WHAT TO WORK ON: The answer must reproduce every record exactly, with all pictures omitted.
** DATASET RECORDS follows **
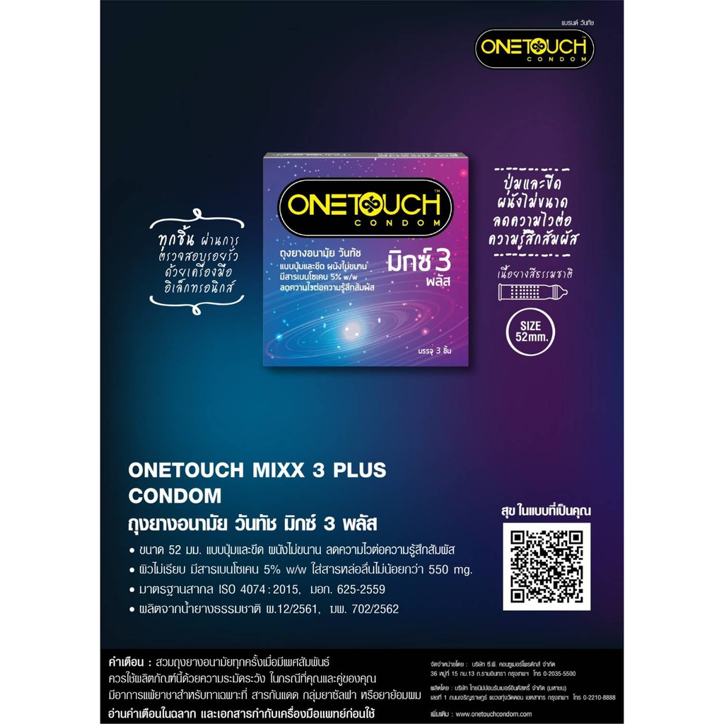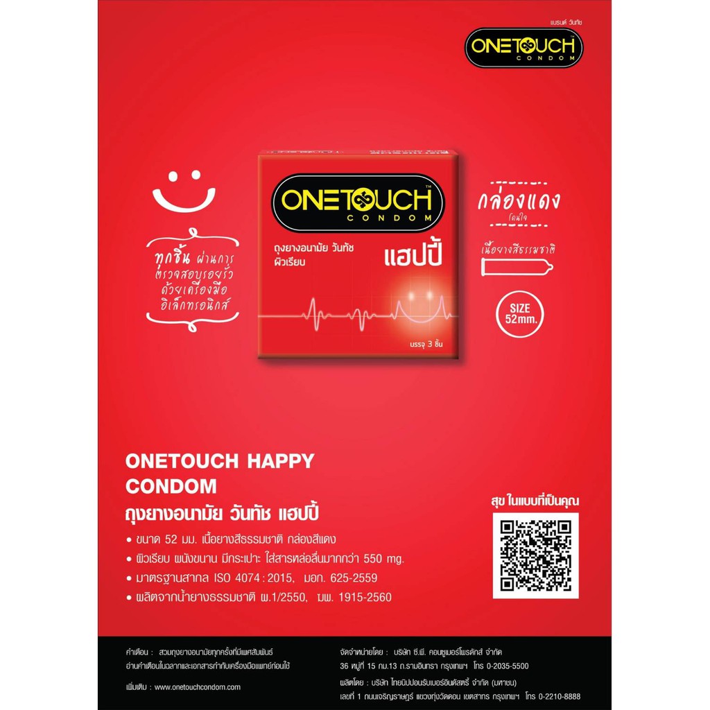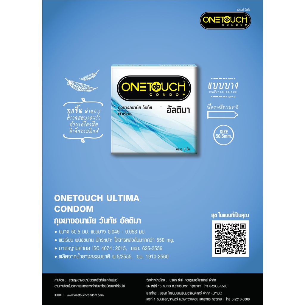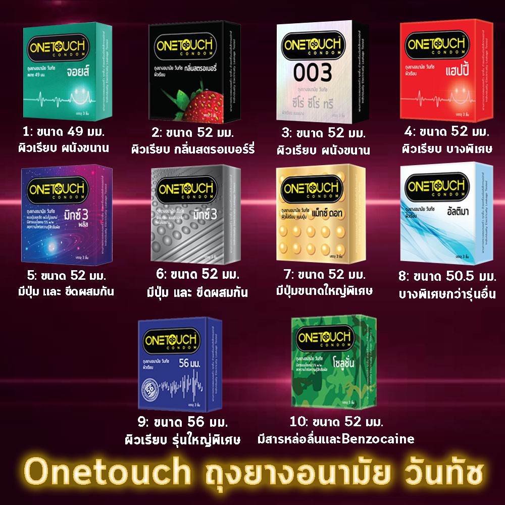 ของแท้!! ไม่ระบุชื่อสินค้า!! ONETOUCH Condom ถุงยางอนามัย วันทัช มีหลายขนาด 49-56 มม. ถุงยาง กล่องละ 3 ชิ้น
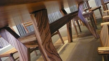 无论是用树桩做成的茶几 还是一块整体板巧制的书桌 椅凳 饰品等 都有着斜径切的质地纹理 浅黄色的肉质 深咖啡色的年轮线 非常漂亮 据店主介绍这些家具源自从非洲远道而来的乌金木原料 因为其纹理非常突出 处处散发着奇异的骨感美 人常说物以稀为贵 乌金木家具之所以珍贵 不但引起突出的原木材纹理和强烈不原木材对比度 更因它色彩醒目且极具流动感的天然金色和黑色曲线使乌金木的每一面都蕴含着浓郁的气息 因此 无论是用乌金木做成的书柜 书桌 沙发 椅凳 还是躺椅等 都因其突出的纹理及异域的骨感美等特点 将其浓郁的肌理美展现出来 使人既有温润 踏实 亲切的感受 优惠油然而生出一种至尊至贵的高尚追求
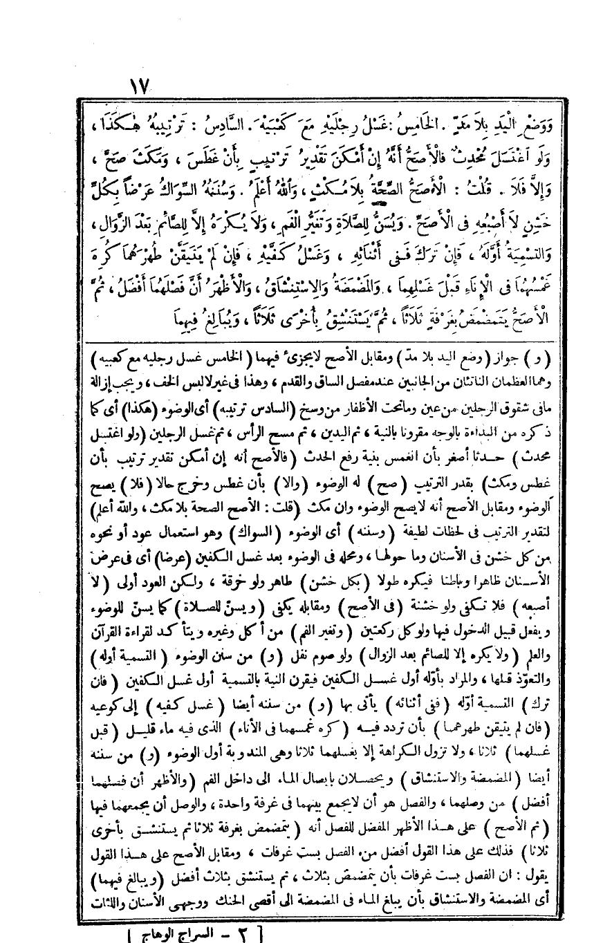 السِّوَاك وَهُوَ اسْتِعْمَال عود أَو نَحوه من كل خشن فِي الْأَسْنَان وَمَا حولهَا وَمحله فِي الْوضُوء بعد غسل الْكَفَّيْنِ
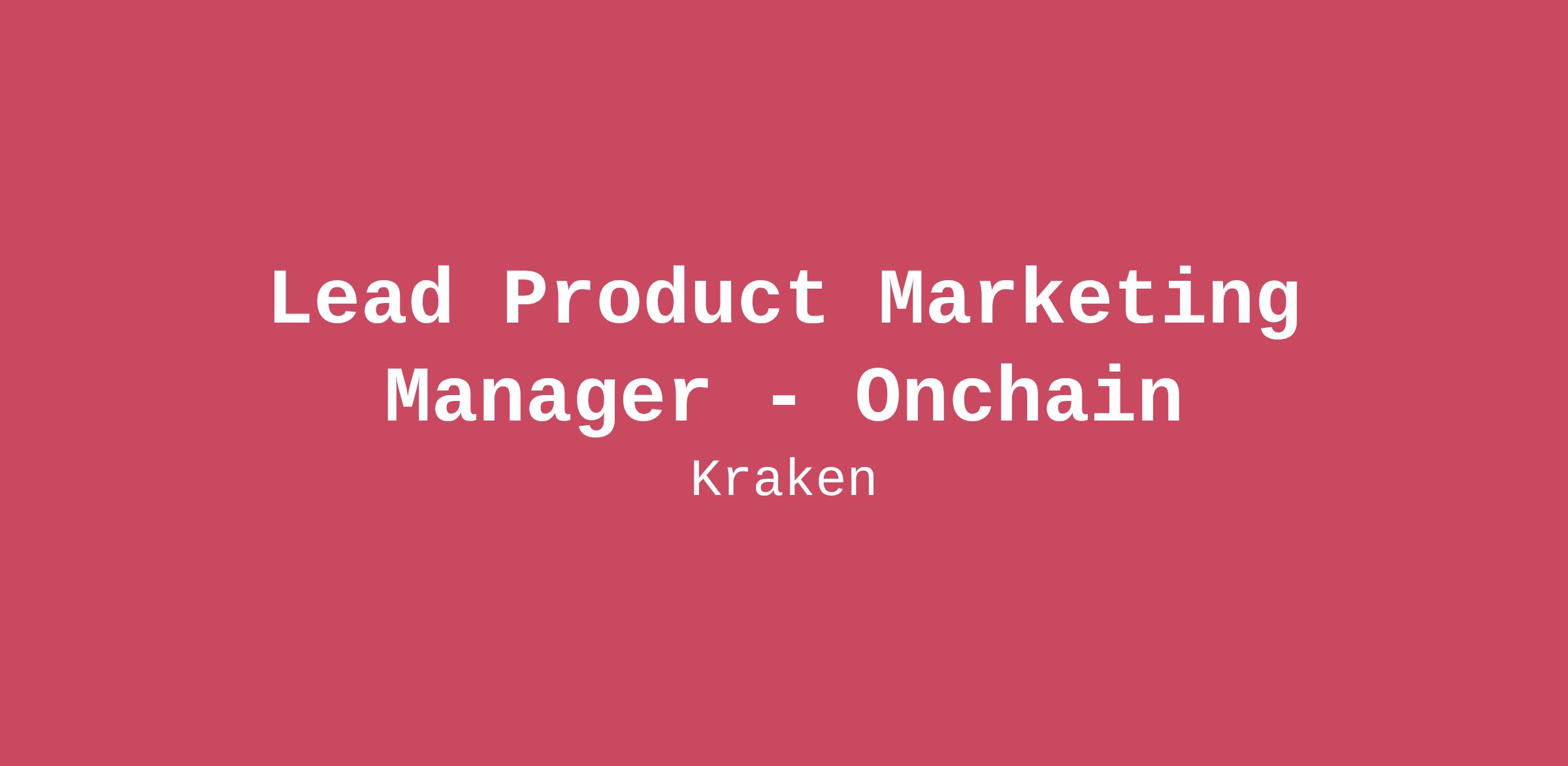 Lead Product Marketing Manager - Onchain
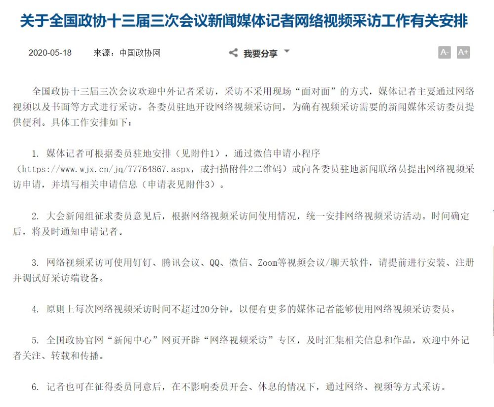 考慮到疫情防控要求和會(huì)期安排,今年全國(guó)兩會(huì)特別增添了采訪新則:“不采用‘面對(duì)面’的方式”,主要通過網(wǎng)絡(luò)視頻和書面等形式進(jìn)行采訪。
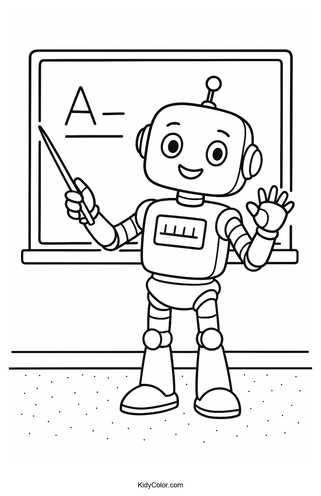 Explore creativity with this fun robot teacher coloring page! Kids will love adding color to this imaginative scene featuring a robot educator in a classroom setting, perfect for nurturing both imagination and fine motor skills.
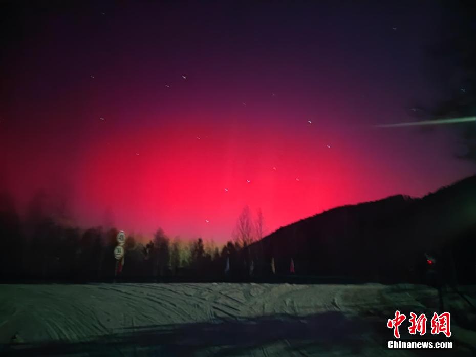 12月1日21時18分,內(nèi)蒙古額爾古納市多地出現(xiàn)極光現(xiàn)象。紅色、綠色將天空渲染得絢麗無比,點(diǎn)點(diǎn)星辰在極光中格外耀眼,美輪美奐的天空與白雪覆蓋的大地交相輝映,宛若夢境。
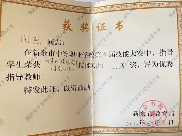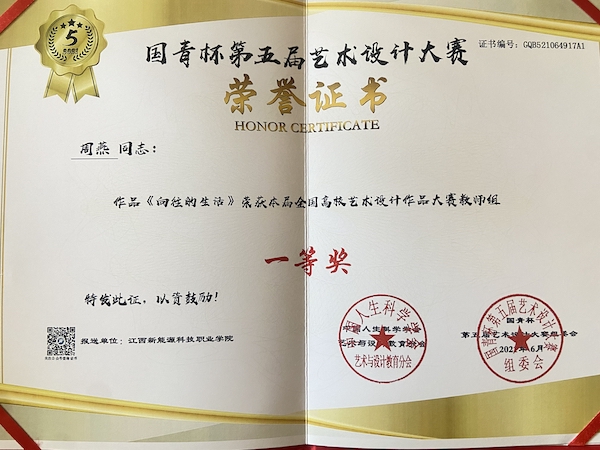 “教师是一个真正活到老、学到老的职业”,秉承这这份信念的周燕,在工作之余,多次参加省、市级技能大赛并获得“国青杯第五届艺术设计大赛教师组一等奖”、“新余市优秀教师”等荣誉。“作为教师,传道授业是天职,传承专业技能也是我的使命。”周燕说道。
** End of DATASET RECORDS **
EXPECTED OUTPUT:
 ของแท้!! ไม่ระบุชื่อสินค้า!! ONETOUCH Condom ถุงยางอนามัย วันทัช มีหลายขนาด 49-56 มม. ถุงยาง กล่องละ 3 ชิ้น
 无论是用树桩做成的茶几 还是一块整体板巧制的书桌 椅凳 饰品等 都有着斜径切的质地纹理 浅黄色的肉质 深咖啡色的年轮线 非常漂亮 据店主介绍这些家具源自从非洲远道而来的乌金木原料 因为其纹理非常突出 处处散发着奇异的骨感美 人常说物以稀为贵 乌金木家具之所以珍贵 不但引起突出的原木材纹理和强烈不原木材对比度 更因它色彩醒目且极具流动感的天然金色和黑色曲线使乌金木的每一面都蕴含着浓郁的气息 因此 无论是用乌金木做成的书柜 书桌 沙发 椅凳 还是躺椅等 都因其突出的纹理及异域的骨感美等特点 将其浓郁的肌理美展现出来 使人既有温润 踏实 亲切的感受 优惠油然而生出一种至尊至贵的高尚追求
 السِّوَاك وَهُوَ اسْتِعْمَال عود أَو نَحوه من كل خشن فِي الْأَسْنَان وَمَا حولهَا وَمحله فِي الْوضُوء بعد غسل الْكَفَّيْنِ
 Lead Product Marketing Manager - Onchain
 考慮到疫情防控要求和會(huì)期安排,今年全國(guó)兩會(huì)特別增添了采訪新則:“不采用‘面對(duì)面’的方式”,主要通過網(wǎng)絡(luò)視頻和書面等形式進(jìn)行采訪。
 Explore creativity with this fun robot teacher coloring page! Kids will love adding color to this imaginative scene featuring a robot educator in a classroom setting, perfect for nurturing both imagination and fine motor skills.
 12月1日21時18分,內(nèi)蒙古額爾古納市多地出現(xiàn)極光現(xiàn)象。紅色、綠色將天空渲染得絢麗無比,點(diǎn)點(diǎn)星辰在極光中格外耀眼,美輪美奐的天空與白雪覆蓋的大地交相輝映,宛若夢境。
 “教师是一个真正活到老、学到老的职业”,秉承这这份信念的周燕,在工作之余,多次参加省、市级技能大赛并获得“国青杯第五届艺术设计大赛教师组一等奖”、“新余市优秀教师”等荣誉。“作为教师,传道授业是天职,传承专业技能也是我的使命。”周燕说道。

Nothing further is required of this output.